## WHAT IS BEING ASKED
Transcribe only the part of the material below that begins at the line containing "A Cordyline terminalis, nome" and ends at the line containing "I funerali alle", with both kept and images left out.

## SOURCE MATERIAL
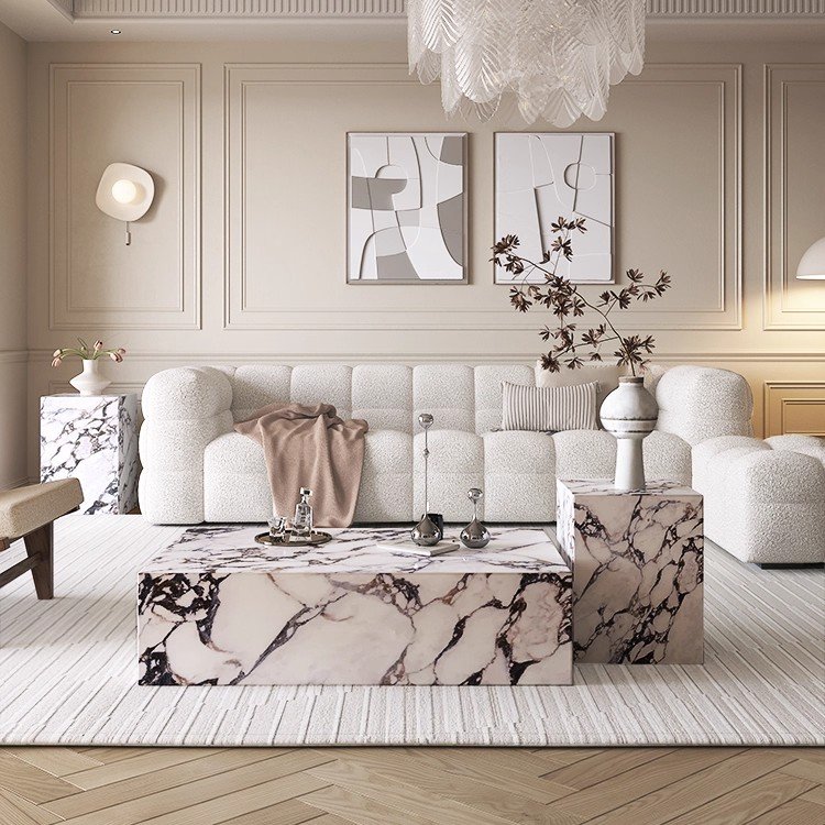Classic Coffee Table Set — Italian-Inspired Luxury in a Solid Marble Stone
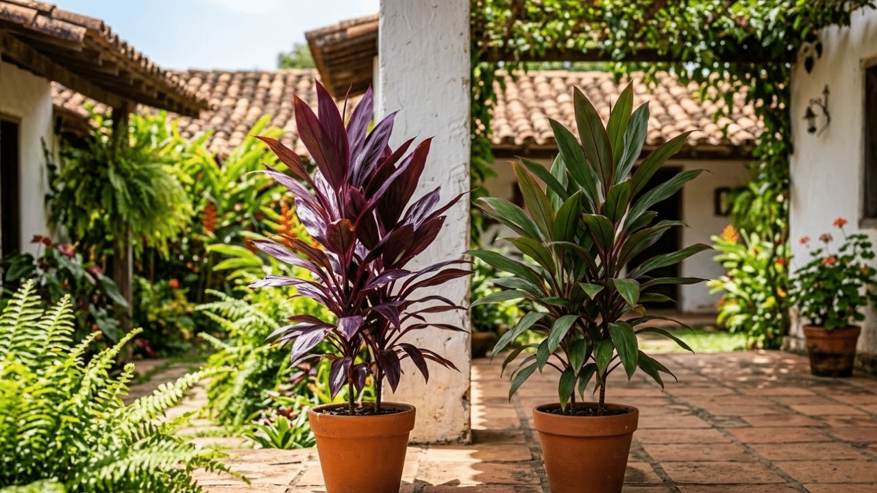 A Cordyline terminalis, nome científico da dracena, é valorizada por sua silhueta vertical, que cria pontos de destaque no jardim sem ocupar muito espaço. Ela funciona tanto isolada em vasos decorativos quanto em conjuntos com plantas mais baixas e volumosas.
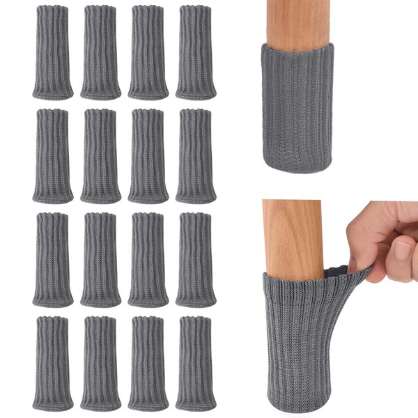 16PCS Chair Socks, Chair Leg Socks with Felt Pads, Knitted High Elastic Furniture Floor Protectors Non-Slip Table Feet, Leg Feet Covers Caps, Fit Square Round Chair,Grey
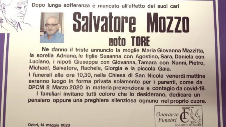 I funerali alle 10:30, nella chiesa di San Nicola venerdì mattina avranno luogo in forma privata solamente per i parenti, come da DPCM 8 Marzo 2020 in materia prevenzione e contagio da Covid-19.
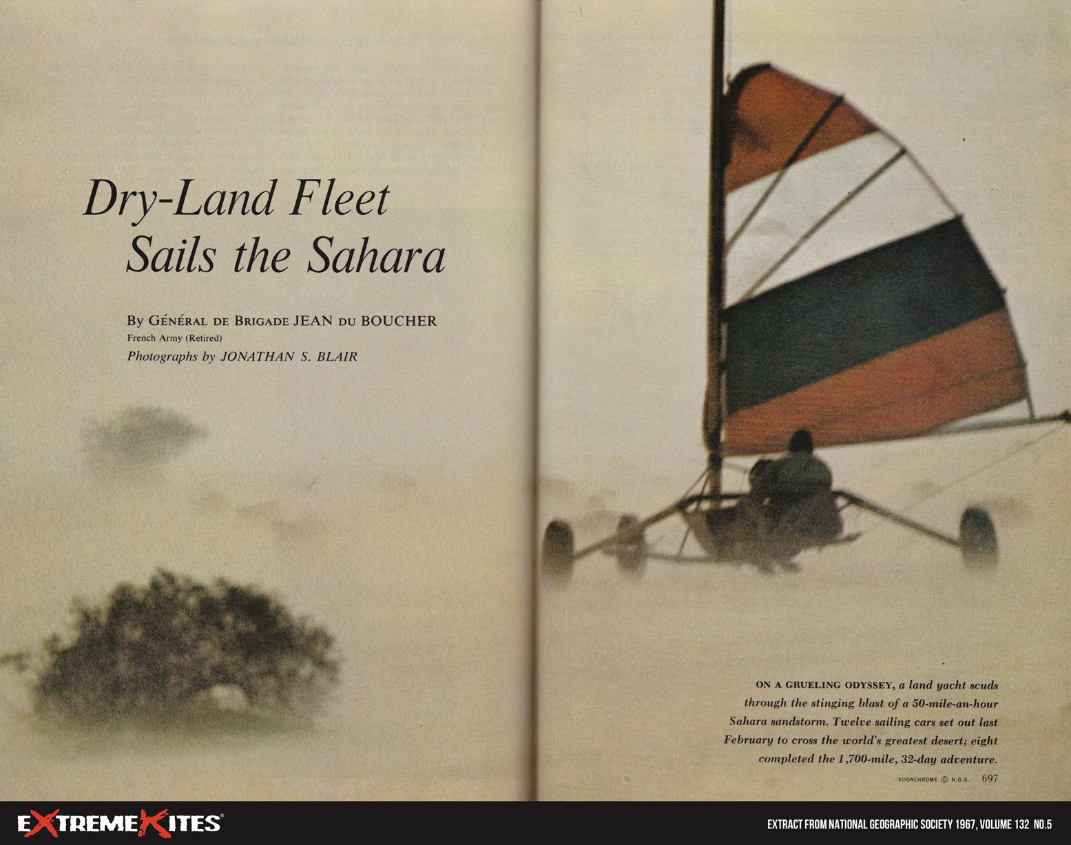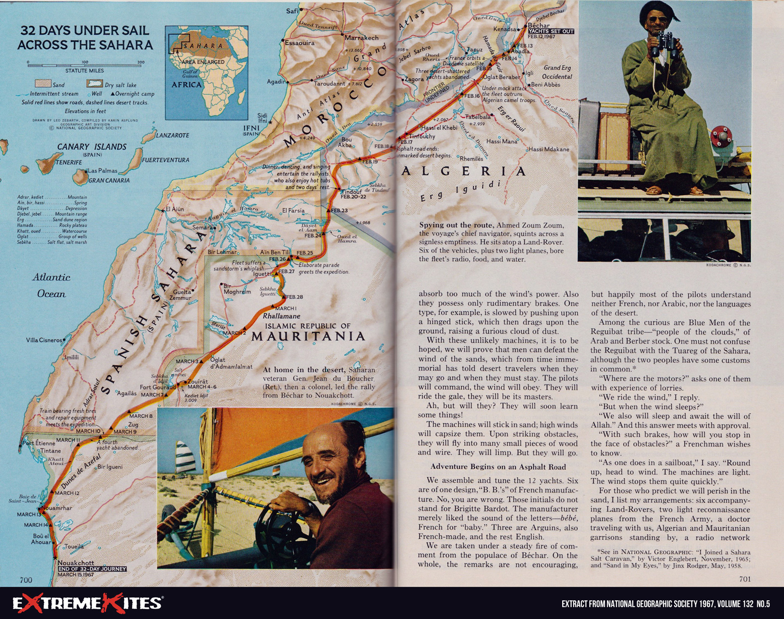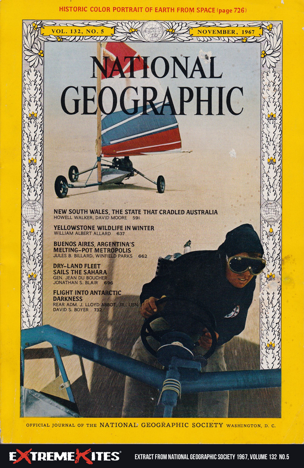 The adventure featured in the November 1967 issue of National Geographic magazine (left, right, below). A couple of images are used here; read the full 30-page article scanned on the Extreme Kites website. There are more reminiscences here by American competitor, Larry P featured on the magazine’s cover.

## EXERCISE OUTPUT
 A Cordyline terminalis, nome científico da dracena, é valorizada por sua silhueta vertical, que cria pontos de destaque no jardim sem ocupar muito espaço. Ela funciona tanto isolada em vasos decorativos quanto em conjuntos com plantas mais baixas e volumosas.
 16PCS Chair Socks, Chair Leg Socks with Felt Pads, Knitted High Elastic Furniture Floor Protectors Non-Slip Table Feet, Leg Feet Covers Caps, Fit Square Round Chair,Grey
 I funerali alle 10:30, nella chiesa di San Nicola venerdì mattina avranno luogo in forma privata solamente per i parenti, come da DPCM 8 Marzo 2020 in materia prevenzione e contagio da Covid-19.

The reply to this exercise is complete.